For disastrous consequences in the New York metro area, Superstorm Sandy, which struck in 2012, set the record. I was in Austin, Texas, when Sandy hit New York City and drowned the airports, stranding me for four days in a hotel. The first thing I did when I got back was to visit friends in Staten Island. (My wife had farsightedly filled our Honda’s tank just before the storm came, so I had a jump on everybody when the stations ran out.) More than half of the forty-three people in New York City who died in the storm were on Staten Island. What I saw there changed how I look at the world. To me, every detail of our lived-in surroundings now reminds me more or less of Staten Island after Sandy. Every house is potentially a blown-out structure through which a giant storm-driven tidal surge has blasted, leaving the wobbly second story apparently supported by nothing but a stripped-bare set of stairs. The plastic toys at the CVS drugstore are going to wind up in a trash jumble on a ravaged beach, mixed with mats of uprooted phragmite reeds. And plastic drinking straws, and those green or brown plastic coffee stirrers they give you or used to give you at Starbucks, and red-and-white striped cocktail swizzles, and little plastic hors-d’œuvre swords—collectively, what a blight! Sandy submerged parts of Staten Island to depths of more than ten feet. Somehow all the straws and stirrers and similar items sloshed around together at the top level of the detritus. When the water receded, it left the stirrer stratum inveigled in chain-link fences around playing fields, usually at about eye level. You could look down a chain-link fence, and the high-water line of stirrers and straws receded all the way along it to the end. Sandy made me see the entire fabricated world as future flotsam and sea wrack and dizzying chaos.

When rain from Hurricane Ida hit Montclair on Wednesday night, I did not charge out into it. I was alone in the house. Our kids moved out long ago; our daughter lives in Brooklyn and our son in Russia, where he has been for six years. My wife was on Amtrak returning from Boston, and she spent the night on the train and then in Penn Station, because certain tracks and tunnels were flooded. Twenty-two years ago, our house was younger and in better shape, and water didn’t get into the basement. Now during big storms it streams through almost invisible cracks in the basement walls, mysteriously; and I have become familiar with the contours of the basement floor, and how the water at first will take this course and then that, puddling in the same low places before all the puddles join up with one another and create a general inundation that covers the floor and reflects the bare bulbs in the basement’s ceiling.

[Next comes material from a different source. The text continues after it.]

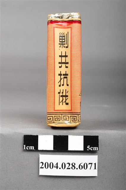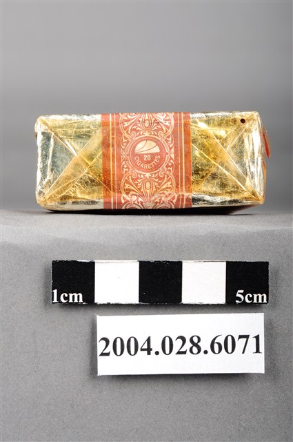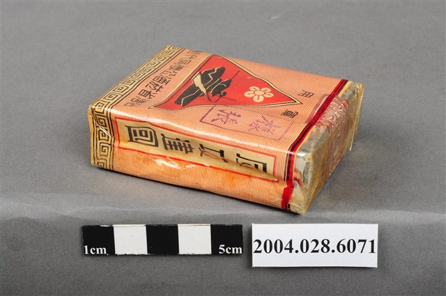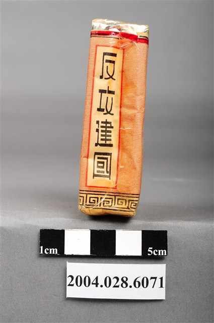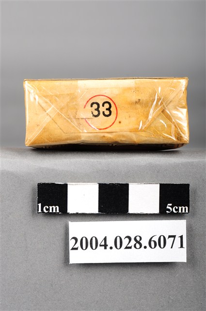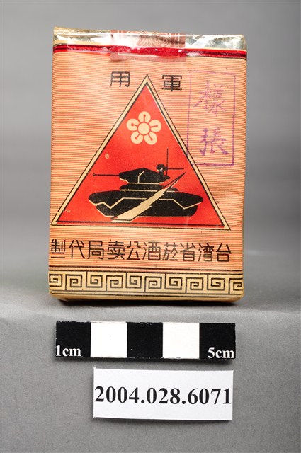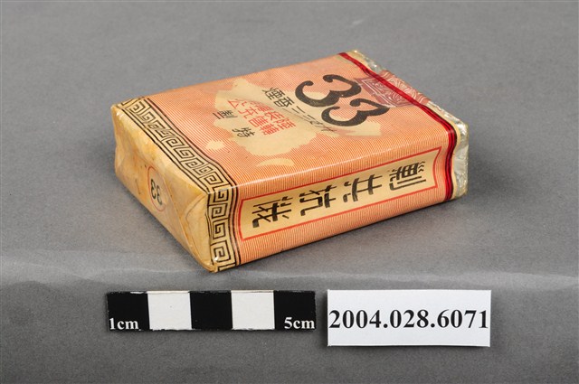 1.本物件為「臺灣省菸酒公賣局代製33香煙」,為公賣局代製的軍煙,正面背景圖案為中國地圖,上方文字為「33、廾支三三香煙、陸裝專用、轉售充公、特」,背後上方文字為「軍用」,中央紅色三角標誌內印有梅花與戰車圖樣,下方文字為「台湾省菸酒公卖局代」,右上角印有一個「樣張」的章。上方封口處貼有貼紙,中間圓形圖案印有數字和英文文字「20、CIGARETTES」,兩邊各印有4字反共口號「反共建國、剿共抗俄」,下方中央則有一個「33」的圓形標誌。

I vacuumed up as much as I could into a shop vac, which I dumped out, again and again, into the laundry sink. Now and then, I checked to see whether the rain was slackening. I have caught decent-sized fish in streams smaller than what was running down the middle of our street. The current in our driveway pushed against my boots. The only traffic that passed by flashed red and blue. A serious cloudburst out West might have matched Ida’s rainfall for volume, but couldn’t touch it for duration. The rain just kept coming, three inches or more in an hour, by some local gauges. It flooded cars around town and across the state. That I could have ever found such a visitation of chaos invigorating or fun is now amazing to me.

Twenty-five people in New Jersey died in Hurricane Ida, the most in the Northeastern states, with six still unaccounted for. Drowned cars still dot the roads throughout the New York metro region. On Friday, I drove on the Major Deegan Expressway, in the Bronx, and the wreckers and tow trucks were busy in the breakdown lanes. Drying patches of post-hurricane-flooding mud, which we have also become familiar with, were everywhere. The last time our family went to Montana for a visit, we had to spend several days indoors, because of the thick smoke from forest fires. That never happened when we lived there, twenty-two years and many hurricanes ago.